When U.S. Rep. Michael Grimm was arrested on federal criminal charges Monday, it was not questionable campaign finances that did him in, nor his televised threats against an NY1 reporter, but alleged tax evasion at Healthalicious, a small Upper East Side restaurant the congressman operated for a time before taking office.

With such an inauspicious eatery at the center of a tawdry national news story, I couldn’t help but wonder: how’s the food?

I’m a little ashamed to admit that initially, I was hoping the answer was “very bad.” After a long history of prickish behavior from Grimm, the schadenfreude of his downfall has been spectacular, and a plateful of steaming, unpalatable dreck at the restaurant where he’s accused of hiding more than a million dollars from the government would have been the sesame dressing on the proverbial kale salad — or whatever it is they serve at places with names like “Healthalicious.”

The restaurant is small, with five tables, counter service, and sanitary, utilitarian decor. When I arrived at 1594 Second Avenue at around 7PM, “Sweet Home Alabama” was on the stereo, and two other customers’ sat waiting for their food.

Scanning the menu, with an eye towards proving the culinary douchiness of an establishment Grimm isn’t even involved with anymore, I found “Gym Plates,” a section featuring items with names like “Hard Core,” “The Muscle Maker,” and “The Body Toner.” I settled on “Get Ripped” — seared tilapia over cauliflower purée with a side of broccoli and lemon-caper dressing — and organic ginger-peach tea to drink.

The food arrived looking aggressively bland — a gray iceberg of fish in a foreboding sea of creamy whiteness, with a few unseasoned vegetables thrown in for some color. The tea, at least, was refreshing, so that anything unsavory could be easily washed down and forgotten.

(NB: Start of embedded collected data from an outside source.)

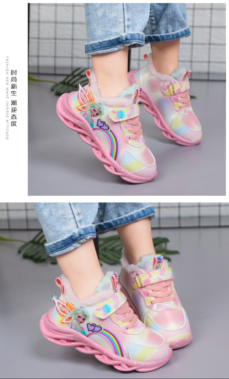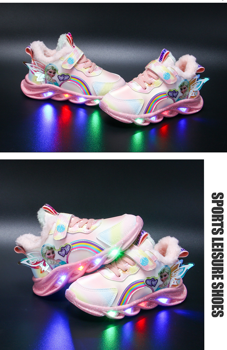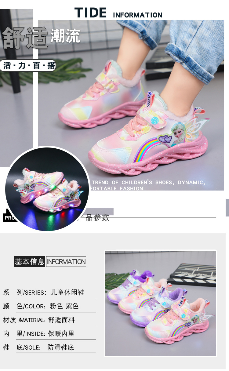 도매 조명 내장 여아 신발 2025 가을 겨울 신상 가죽 따뜻한 아동 운동화 다용도 여아 공주 신발스토어 가기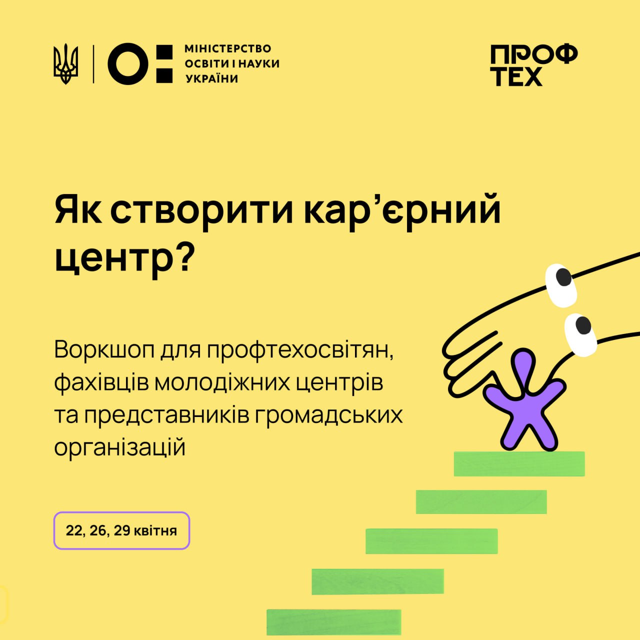 Хей, запрошуємо профтехосвітян, фахівців молодіжних центрів та представників громадських організацій доєднатись до воркшопу щодо організації роботи центрів кар’єри 🤩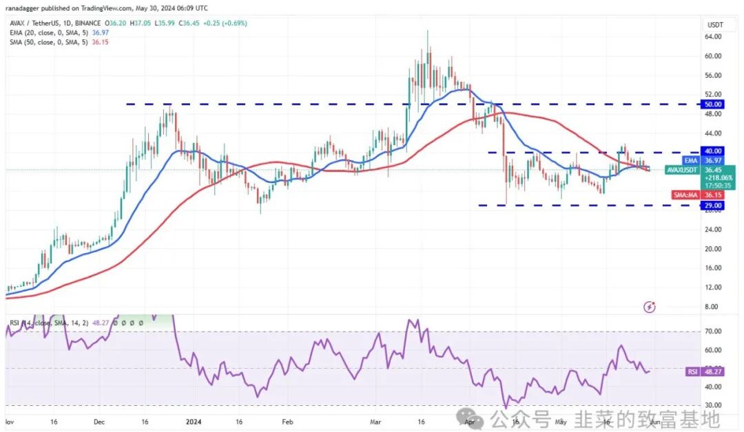 然而,如果价格跌破这一移动平均线,空头将尝试将AVAX/USDT货币对拉低至29美元。如果价格能从这一支撑位强势反弹,那么这可能表明该货币对将在一个相对稳定的29美元至40美元的区间内波动一段时间。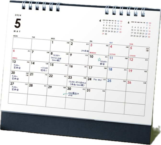 裏面は月毎のブロックカレンダーとなっています。スケジュールなどを書き込んでいただけます。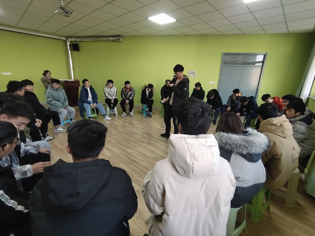 活动开始,在柴鸿菲的带领下,同学们围坐成一个大圆圈。开始了名字叫做“大风吹,吹大风”的第一个游戏,同学们根据游戏规则相互交换座位,坐错的同学要现场表演一个节目,此游戏不仅考验同学们的反应能力,更注重换位双方的沟通和协调能力。紧接着,进行了第二个游戏——“情有千千结”,这个游戏考验大家的团队协作能力和组织领导能力。最后,进行了“接力传球”游戏,柴鸿菲将同学们分成四个小组,每个小组内采用接力的形式,依次把乒乓球放入指定的纸杯中。由于乒乓球材质较轻,每个小组都出现了不同程度的失误,但是在同学们的努力配合下,各个小组都完成了任务。此次游戏,考验了大家的团结凝聚力,在一个团体中,面对挑战,只有合理分工,才有可能取得胜利。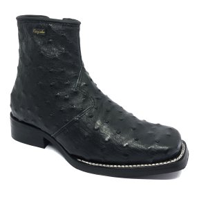 Bota de Avestruz Cheio Pinhão - Cano Curto, Bico Quadrado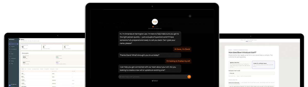 Bowr is an AI intake agent — it has a real conversation with your website visitor, qualifies their enquiry, and delivers a structured brief to you instantly. No scripted loops. No aggressive sales tactics. No generic FAQs.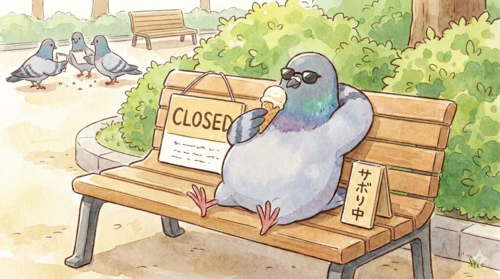 チュートリアルでは「画面をタップ・スワイプしてのエサやり」を促されますが、ハトはエサをやらずとも成長して郵便局に入っていきます。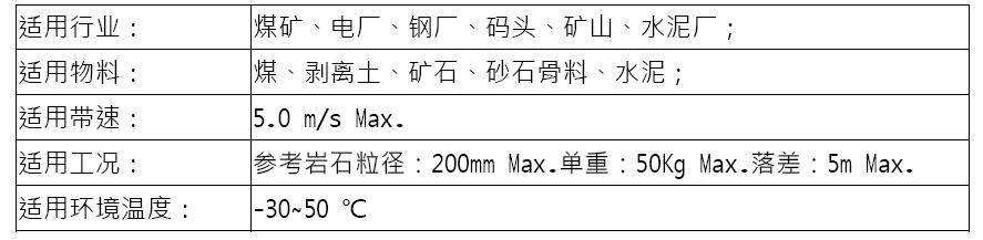 Long belt life. When used with the anti-spill skirt, it can effectively seal both sides of the falling point to prevent material and dust from overflowing.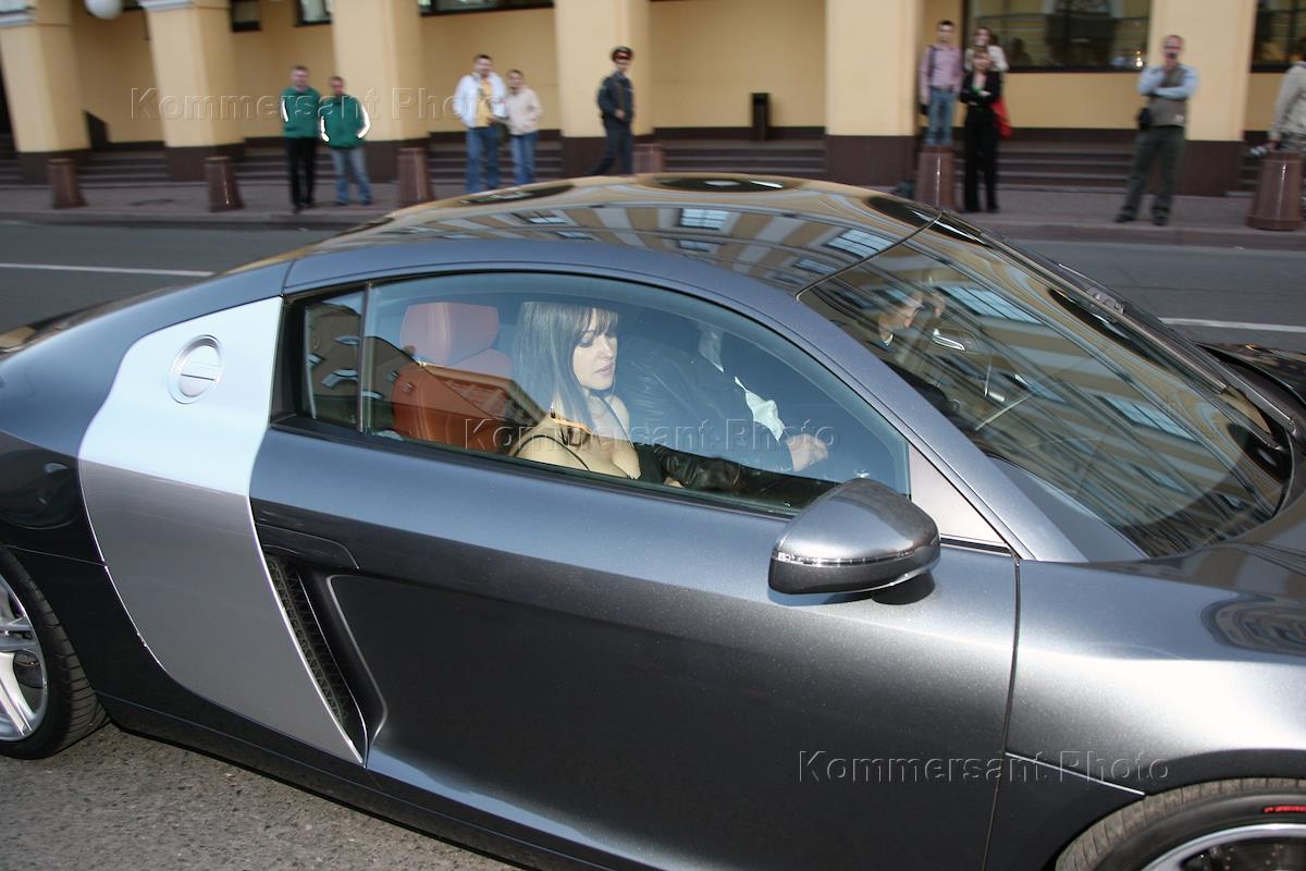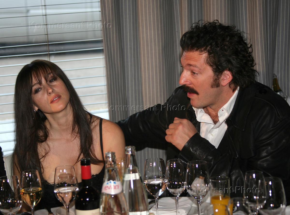 Актеры Моника Беллуччи (слева) и Венсан Кассель (справа) во время презентации новой модели автомобиля суперкар "Audi R8" в "GQ-Bar".

My first bite of tilapia was a minor revelation. “Seared” was probably overselling it, but the skin was crispy and flavor, and the meat inside wasn’t at all dried-out like I was expecting. The cauliflower purée was richer than anything made of vegetables has any right to be — I’m not convinced it wasn’t loaded with butter — and the steamed broccoli, was, well, steamed broccoli. Nothing to get excited over, but to its credit, it wasn’t overcooked.

The employee I spoke to, who was friendly and helpful before and after I told him I was a reporter, said he had never heard of Grimm before reporters came knocking down the door this week. Now, he said, a company called NTE Management owns the place. There’s scant mention of NTE online, though a company of that name was incorporated in New York City last year.

Would I recommend Healthalicious to a friend? Probably not, but not because of any grand moral failure. It’s just too expensive. My food came to $9.79 — a fair price had it been delivered to me on a plate with actual silverware, but too much to pay for plastic-fork counter service at a place with a concrete floor and classic rock on the radio.